# Company Christmas Party (joke)



## Osage Bluestem (Dec 8, 2009)

The following is funny, but largely because it’s such a good reflection of life in these politically correct times… enjoy.

Company Memo 
FROM: Patty Lewis, Human Resources Director 
TO: All Employees 
DATE: October 1, 2009 
RE: Gala Christmas Party 

I'm happy to inform you that the company Christmas Party will take place on December 23rd, starting at noon in the private function room at the Grill House. There will be a cash bar and plenty of drinks! We'll have a small band playing traditional carols.... feel free to sing along. And don't be surprised if our CEO shows up dressed as Santa Claus! A Christmas tree will be lit at 1:00 PM. Exchanges of gifts among employees can be done at that time; however, no gift should be over $10.00 to make the giving of gifts easy for everyone's pockets. This gathering is only for employees! 
Our CEO will make a special announcement at that time! 
Merry Christmas to you and your family, 
Patty

Company Memo
FROM: Patty Lewis, Human Resources Director 
TO: All Employees 
DATE: October 2, 2009 
RE: Gala Holiday Party 

In no way was yesterday's memo intended to exclude our Jewish employees. We recognize that Hanukkah is an important holiday, which often coincides with Christmas, though unfortunately not this year. However, from now on, we're calling it our "Holiday Party." The same policy applies to any other employees who are not Christians and to those still celebrating Reconciliation Day. There will be no Christmas tree, and no Christmas carols will be sung. We will have other types of music for your enjoyment. 
Happy now? 
Happy Holidays to you and your family, 
Patty

Company Memo
FROM: Patty Lewis, Human Resources Director 
TO: All Employees 
DATE: October 3, 2009 
RE: Holiday Party 

Regarding the note I received from a member of Alcoholics Anonymous requesting a non-drinking table, you didn't sign your name. I'm happy to accommodate this request, but if I put a sign on a table that reads, "AA Only," you wouldn't be anonymous anymore. How am I supposed to handle this? 
Somebody? 
And sorry, but forget about the gift exchange, no gifts are allowed since the union members feel that $10.00 is too much money and the executives believe $10.00 is a little chintzy. 
REMEMBER: NO GIFTS EXCHANGE WILL BE ALLOWED.

Company Memo
FROM: Patty Lewis, Human Resources Director 
To: All Employees 
Date: October 4, 2009 

RE: Generic Holiday Party

What a diverse group we are! I had no idea that December 20th begins the Muslim holy month of Ramadan, which forbids eating and drinking during daylight hours. There goes the party! Seriously, we can appreciate how a luncheon at this time of year does not accommodate our Muslim employees' beliefs. Perhaps the Grill House can hold off on serving your meal until the end of the party or else package everything for you to take it home in little foil doggy baggy. Will that work? 

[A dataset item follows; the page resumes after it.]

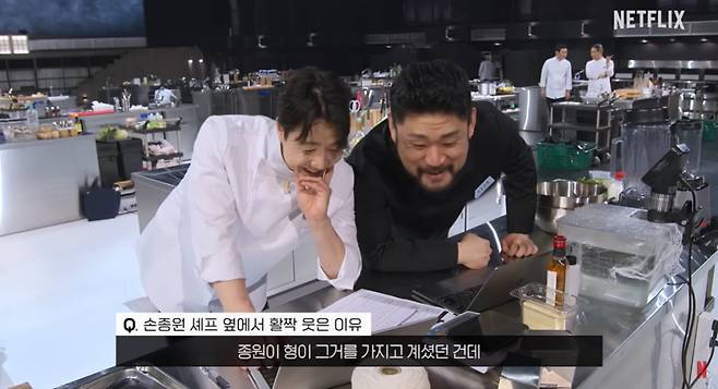 흑백 연합전 미션 당시 손종원 셰프 옆에서 활짝 웃은 이유에 대해서는 "타임라인이라는 게 같이 짠 거였다. 작가님들이 프린트 해준다고 해서 종원이 형이 갖고 계셨다. 5분 단위로 짰는데, 2분 단위로 짠다는 그런 험한 말을 해서 웃음이 나왔다"고 비하인드를 전했다.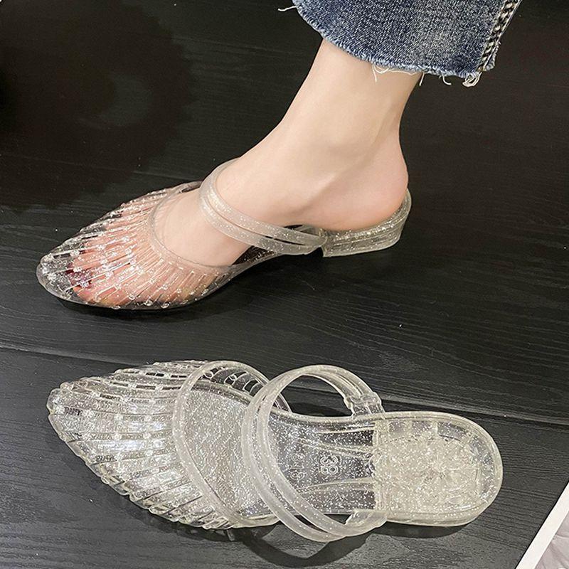 Fashion New Pointed Toe Jelly Sandals Women Chunky Heel Mules Woman Glitter Clear Slip On Hollow Out Low Heel Slides Shoes Lady Sandals

Meanwhile, I've arranged for members of Weight Watchers to sit farthest from the dessert buffet, and pregnant women will get the table closest to the restrooms. Gays are allowed to sit with each other. Lesbians do not have to sit with Gay men, each group will have their own table. 
Yes, there will be flower arrangement for the Gay men's table. 
To the person asking permission to cross dress, the Grill House asks that no cross-dressing be allowed, apparently because of concerns about confusion in the restrooms. Sorry. 
We will have booster seats for short people. 
Low-fat food will be available for those on a diet. 
I am sorry to report that we cannot control the amount of salt used in the food. The Grill House suggests that people with high blood pressure taste a bite first. 
There will be fresh "low sugar" fruits as dessert for diabetics, but the restaurant cannot supply "no sugar" desserts. Sorry! 

Did I miss anything?!?!? 
Patty

Company Memo
FROM: Patty Lewis, Human Resources Director 
TO: All Employees 
DATE: October 5, 2009 
RE: The Party

I've had it with you vegetarians!!! We're going to keep this party at the Grill House whether you like it or not, so you can sit quietly at the table furthest from the "grill of death," as you so quaintly put it, and you'll get your salad bar, including organic tomatoes. But you know, tomatoes have feelings, too. They scream when you slice them. I've heard them scream. I'm hearing them scream right NOW! 
The rest of you weirdoes just shut up and respect the party! I hope you all have a rotten holiday! 
Drive drunk and die!!! 





Company Memo
FROM: Jan Bishop, Acting Human Resources Director 
DATE: October 6, 2009 
RE: Patty Lewis and Holiday Party

I'm sure I speak for all of us in wishing Patty Lewis a speedy recovery and I'll continue to forward your cards to her. 
In the meantime, management has decided to cancel our Holiday Party and give everyone the afternoon of the 23rd off with full pay. 
Happy Holidays! 
Jan


----------



## C. M. Sheffield (Dec 8, 2009)

I needed that!


----------